Renewables and weather: weaker solar support helped lift prices locally
Renewable output was mixed but tilted against price softness in parts of the region. Solar generation declined to 3,956 MW (down 162 MW), while wind production stood at 2,061 MW with only marginal growth.
Forecasts also indicated weaker solar and wind generation across parts of SEE and Hungary. Temperatures ranged between about 13°C and 16°C—slightly above seasonal norms—supporting moderate demand levels; however, warming conditions combined with variable renewable output contributed to intraday volatility.

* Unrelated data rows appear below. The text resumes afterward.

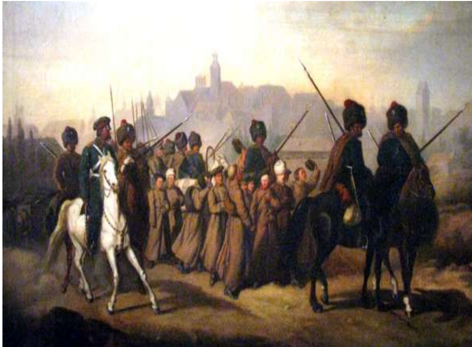
Branka - tragedia młodych konspiratorów

W 1874 roku zniesiono urząd namiestnika, a w 1886 zlikwidowano Bank Polski. Skasowano klasztory katolickie w Królestwie, skonfiskowano ok. 1600 majątków ziemskich i rozpoczęto intensywną rusyfikację ziem polskich. Klęska tego największego narodowego powstania była ogromnym wstrząsem dla Polaków.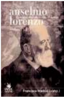
FRANCISCO MADRID (COMP.) Col·lecció Acracia, Virus Editorial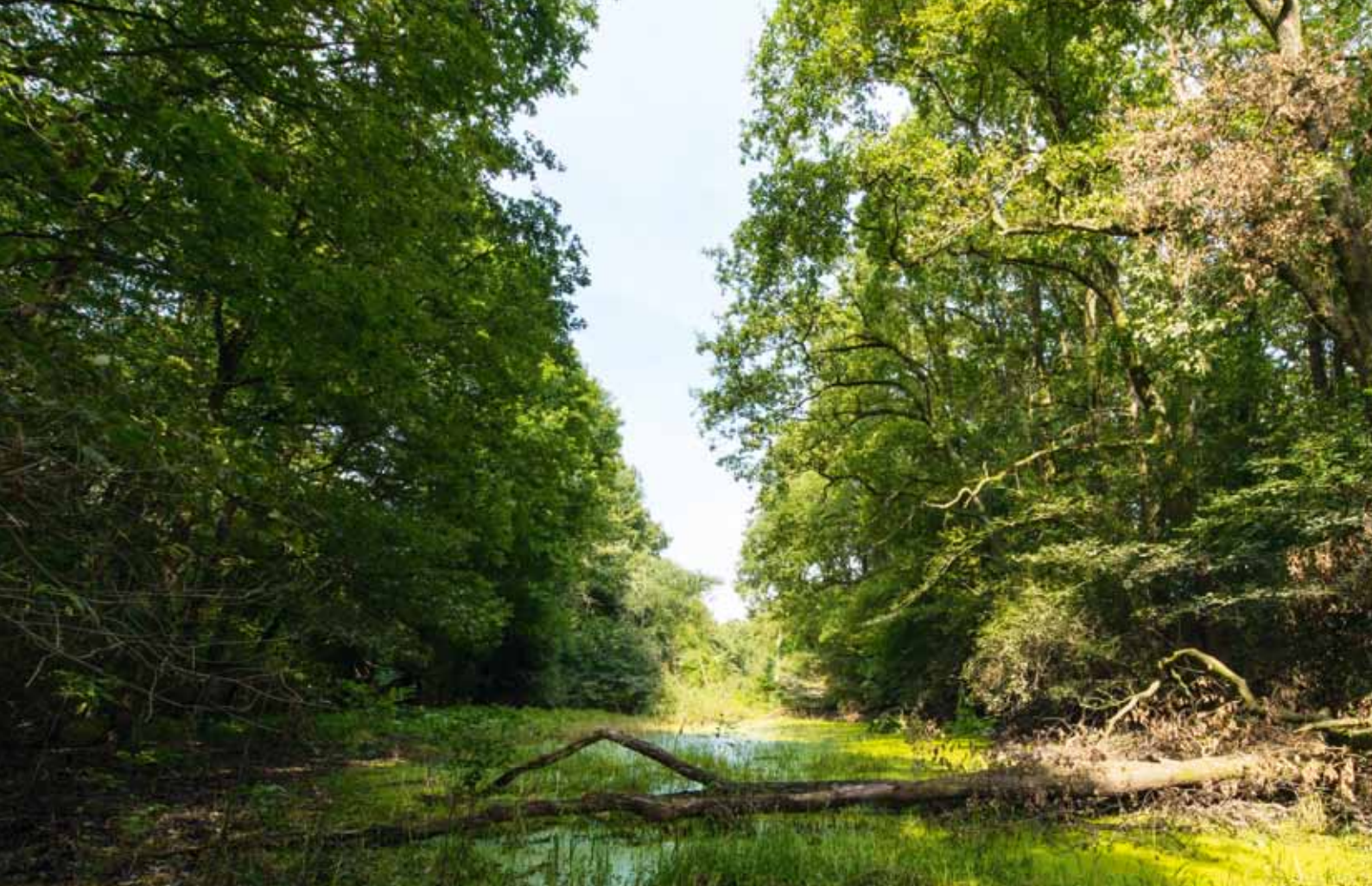
... in Flussauen und Seen ...

Cross-border flows: congestion risk sustained market segmentation
Interconnection dynamics continued to shape price formation. The SEE region maintained strong import activity from Central Europe into Hungary and neighboring markets supplied by Austria and Slovakia. Elevated spreads alongside congestion risks contributed to market segmentation—particularly in the southern Balkans where liquidity is comparatively limited.
Commercial flow data over the past week showed persistent cross-border exchanges among Bulgaria, Romania, Hungary, Serbia and Greece. The pattern highlighted how interconnectivity remains central both for system stability and for efforts toward price convergence across borders.
Forward markets: fuel costs eased slightly while carbon stayed firm
Despite day-ahead volatility, forward indicators pointed to relative stability. At the Central European Gas Hub (Austrian gas), prices were quoted at 46.12 €/MWh (down by 3.2 €/MWh). EU Emissions Allowances traded at 74.87 €/t (up by 2.3 €/t).
Hungarian power forwards showed moderate movement: Week 17 was priced at 104.50 €/MWh; Week 18 at 92.50 €/MWh; May 2026 at 93.00 €/MWh; and Calendar Year 2026 at 108.50 €/MWh—levels that suggested expectations of gradual normalization supported by improving renewable generation alongside stable fuel costs.
The coal and gas forward curves trended slightly lower as well, reinforcing a bearish medium-term cost outlook for thermal generation costs even as carbon prices remained resilient—continuing to influence marginal fossil-based electricity production across Europe.
Intraday picture: synchronized evening peaks reinforced the value of flexibility
Hourly curves showed pronounced evening peaks across major exchanges as solar output declined while demand stayed elevated through peak hours. On Hungary’s HUPX market, prices reached a daily maximum of 275.1 €/MWh—signaling evening tightness—and pointing again to the importance of flexibility assets such as gas-fired plants and energy storage.
A similar pattern appeared across Romania, Slovenia and Greece, indicating synchronized peak-demand dynamics within interconnected European markets.
What it means for investors watching SEE power
The session highlighted three recurring themes for South East Europe power pricing: first, structural price divergence driven by varying levels of market coupling and infrastructure capacity; second, continued reliance on thermal generation as a balancing mechanism amid fluctuating renewables; and third, the role of cross-border interconnections in supporting both system stability and price convergence when capacity allows.
Looking ahead from this trading day profile, improved weather conditions alongside higher renewable output could place downward pressure on prices; however geopolitical uncertainty and fuel-market risks could keep volatility elevated. As Europe accelerates its energy transition, SEE markets are likely to remain especially sensitive to interconnection constraints, shifts in generation mix and changes in regional demand patterns.